:: WORK REQUIRED ::
Among the entries below, only the lines starting at the one with "Metabolic and phenotypic" and ending at the one with "Dizajnový sprchový systém", both included, are to be printed exactly.

:: MATERIAL FOR THIS TASK ::
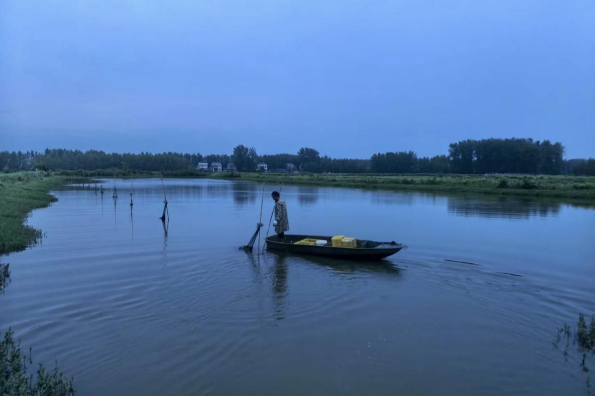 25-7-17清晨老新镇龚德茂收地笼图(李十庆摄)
--
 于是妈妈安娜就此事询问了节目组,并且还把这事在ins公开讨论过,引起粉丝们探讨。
==
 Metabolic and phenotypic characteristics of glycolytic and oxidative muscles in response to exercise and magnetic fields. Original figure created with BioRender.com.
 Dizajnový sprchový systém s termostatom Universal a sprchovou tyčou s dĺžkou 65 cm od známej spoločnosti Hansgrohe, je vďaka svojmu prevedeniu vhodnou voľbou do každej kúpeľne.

:: EXERCISE OUTPUT ::
 Metabolic and phenotypic characteristics of glycolytic and oxidative muscles in response to exercise and magnetic fields. Original figure created with BioRender.com.
 Dizajnový sprchový systém s termostatom Universal a sprchovou tyčou s dĺžkou 65 cm od známej spoločnosti Hansgrohe, je vďaka svojmu prevedeniu vhodnou voľbou do každej kúpeľne.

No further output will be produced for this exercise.